# Snowman and Snowwoman Free Pattern



## laurelarts (Jul 31, 2011)

Here is the link:

http://flutterbypatch.blogspot.co.uk/2009/12/knitted-snowman-free-pattern.html


----------



## gagesmom (Oct 14, 2011)

bookmarked! thanks laurel arts :thumbup: :thumbup:


----------



## missmolly (Jun 8, 2011)

They are so cute xx


----------



## leighanne1968 (Apr 10, 2011)

I'm a snowman nut! Those two will have to join my snow family! They'll also be a perfect addition to my all home made tree!

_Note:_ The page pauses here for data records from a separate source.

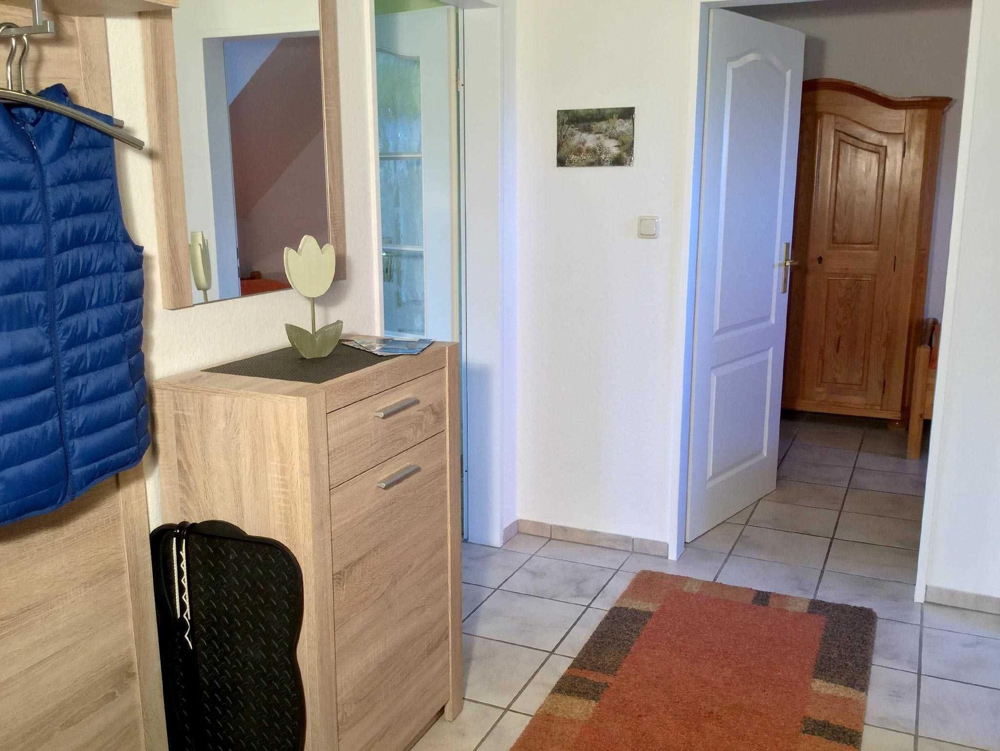 Komfortable und geschmackvoll eingerichtete Oberwohnung von ca. 58 qm Größe mit Südbalkon. Bis 4 Personen buchbar. Die Wohnung ist folgendermaßen ausgestattet: Wohnzimmer mit Polstergarnitur, Essecke, Sat-HDTV, DVD, Internetradio, kostenloses WLAN. Elternschlafzimmer mit Doppelbett, Kinderzimmer mit 2 Einzelbetten, separate Küche, Bad mit Dusche/WC, Gäste-WC, Flur. Parkplatz. Fliegengitter in den Wohn- und Schlafräumen, sowie Küche und Bad. Diese Wohnung ist allergikergeeignet. Nichtraucher! Bettwäsche und Handtücher-Erstausstattung inklusive.
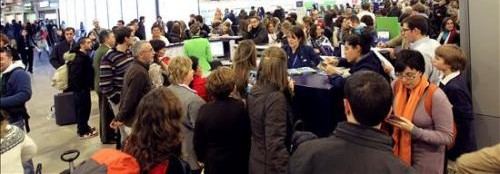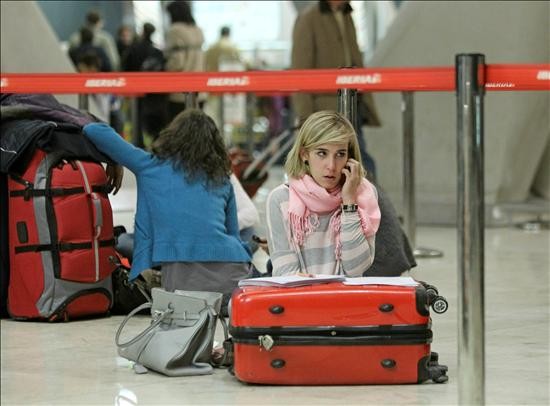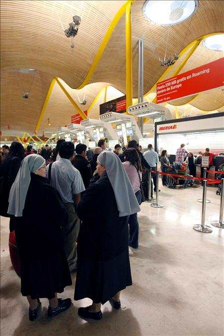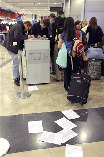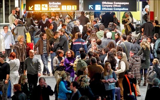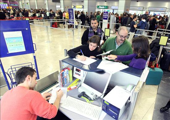 Decenas de turistas hacen cola en los mostradores de una compañía aérea esta tarde en el aeropuerto de Madrid-Barajas con motivo del inicio del puente de la Constitución. El aeropuerto de Barajas se encuentra en situación "rate cero", lo que significa cerrado a las operaciones de aterrizaje y despegue, tras haber abandonado los controladores sus puestos de trabajo.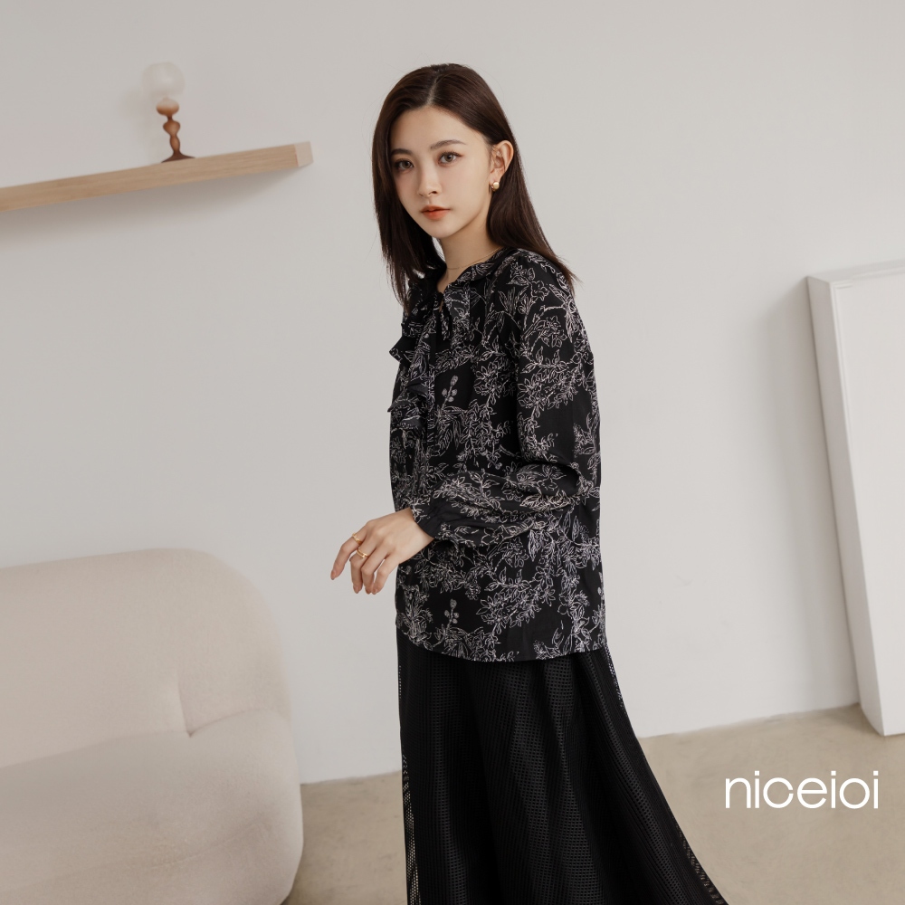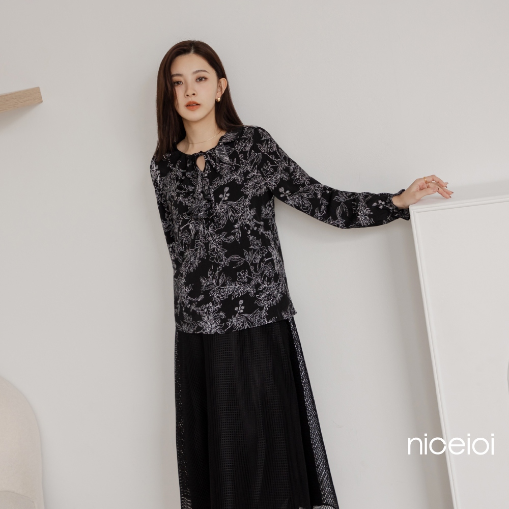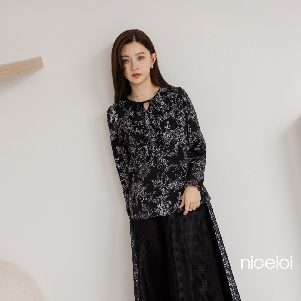 niceioi【特惠】高尚櫻花內加絨荷葉邊綁帶上衣 女裝黑,S|黑,M|黑,L|黑,XLOthersniceioi 官方旗艦店

Thank you SO much for sharing!


----------



## mmMardi (Jun 26, 2012)

Thanks for posting! I love her patterns and have all her Dollytime patterns. She's great!


----------



## KnitterNatalie (Feb 20, 2011)

They're darling, and thanks for the link!!


----------



## San (Mar 9, 2011)

Great site, thanks.


----------



## craftymatt2 (Sep 15, 2011)

Great, thank you for sharing


----------



## Gundi2 (May 25, 2012)

Thanks for the free Pattern, sure will make some, since I also love snow man and have only crochet some so far.


----------



## rlmayknit (Mar 14, 2011)

I love snowmen. Thanks so much for this cute pattern. I have bookmarked it. rlmayknit


----------



## CamillaDesertMouse (Mar 19, 2011)

Great pattern Laurel..thanks!!!

For those wanting a PDF to print here goes:


Enjoy!


----------



## rlmayknit (Mar 14, 2011)

CamillaInTheDesert said:


> Great pattern Laurel..thanks!!!
> 
> For those wanting a PDF to print here goes:
> 
> Enjoy!


Camilla, Thank you so much for this I have printed it and can not wait to start it. rlmayknit


----------



## CamillaDesertMouse (Mar 19, 2011)

You are most welcome 



rlmayknit said:


> CamillaInTheDesert said:
> 
> 
> > Great pattern Laurel..thanks!!!
> ...


----------



## glnwhi (Jan 19, 2011)

so cute thanks for sharing


----------